Data for review:
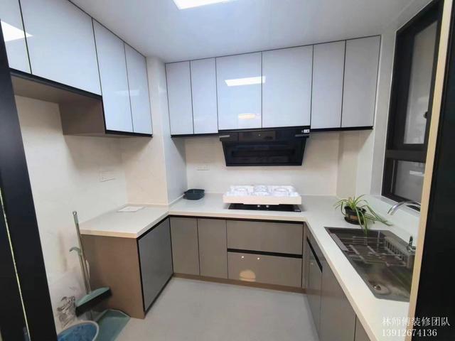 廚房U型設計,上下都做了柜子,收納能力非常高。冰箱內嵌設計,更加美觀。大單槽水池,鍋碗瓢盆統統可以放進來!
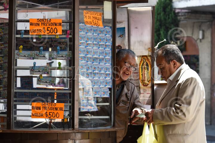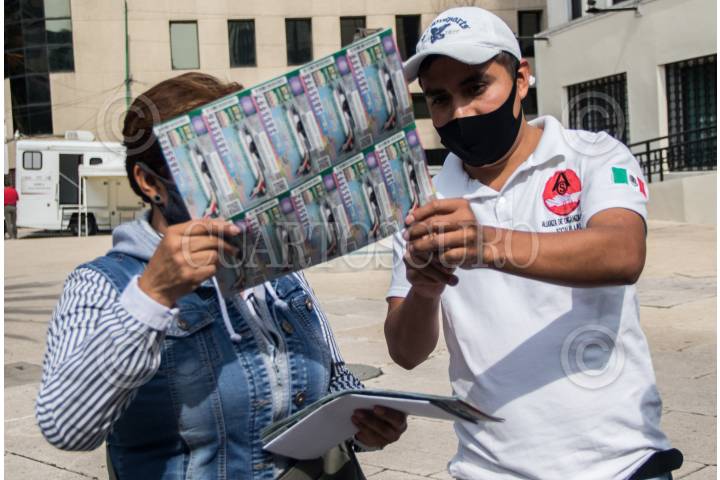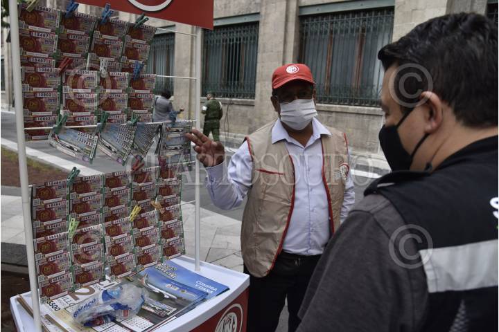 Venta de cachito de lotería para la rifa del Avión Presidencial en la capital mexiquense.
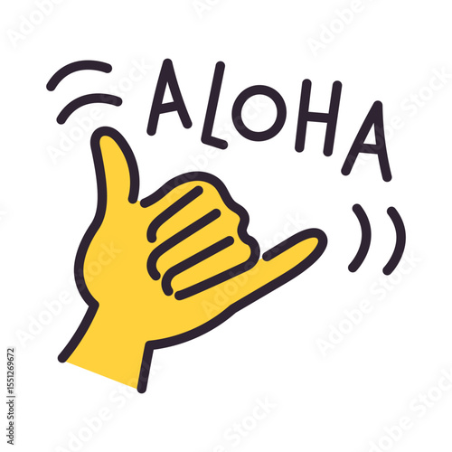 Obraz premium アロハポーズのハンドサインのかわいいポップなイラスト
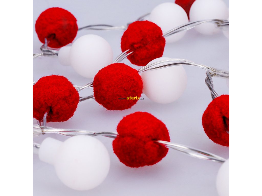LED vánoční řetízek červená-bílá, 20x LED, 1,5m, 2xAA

---

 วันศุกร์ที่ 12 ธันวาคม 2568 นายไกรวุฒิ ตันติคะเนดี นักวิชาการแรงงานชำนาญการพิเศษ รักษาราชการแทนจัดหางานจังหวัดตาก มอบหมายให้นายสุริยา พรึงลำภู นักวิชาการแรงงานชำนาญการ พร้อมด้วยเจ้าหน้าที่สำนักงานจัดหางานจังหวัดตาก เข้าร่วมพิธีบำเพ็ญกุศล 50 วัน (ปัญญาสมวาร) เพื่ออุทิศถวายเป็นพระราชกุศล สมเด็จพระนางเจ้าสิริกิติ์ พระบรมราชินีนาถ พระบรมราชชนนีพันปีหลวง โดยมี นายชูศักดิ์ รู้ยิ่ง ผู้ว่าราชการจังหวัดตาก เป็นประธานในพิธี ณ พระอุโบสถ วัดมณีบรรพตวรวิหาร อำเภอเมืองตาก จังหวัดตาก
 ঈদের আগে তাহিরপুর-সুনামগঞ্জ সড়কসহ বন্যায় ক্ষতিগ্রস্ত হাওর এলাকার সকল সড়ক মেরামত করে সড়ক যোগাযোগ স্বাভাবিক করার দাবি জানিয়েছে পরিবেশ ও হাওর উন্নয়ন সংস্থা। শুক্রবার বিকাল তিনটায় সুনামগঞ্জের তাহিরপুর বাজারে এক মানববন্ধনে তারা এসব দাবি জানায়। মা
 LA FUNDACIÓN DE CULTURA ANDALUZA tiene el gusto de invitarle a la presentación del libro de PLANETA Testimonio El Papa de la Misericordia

Problem statement:
With the pictures omitted, print the lines above exactly, beginning at the line with "Obraz premium アロハポーズのハンドサインのかわいいポップなイラスト" and going on through the line with "LED vánoční řetízek".

Reply to the task:
 Obraz premium アロハポーズのハンドサインのかわいいポップなイラスト
LED vánoční řetízek červená-bílá, 20x LED, 1,5m, 2xAA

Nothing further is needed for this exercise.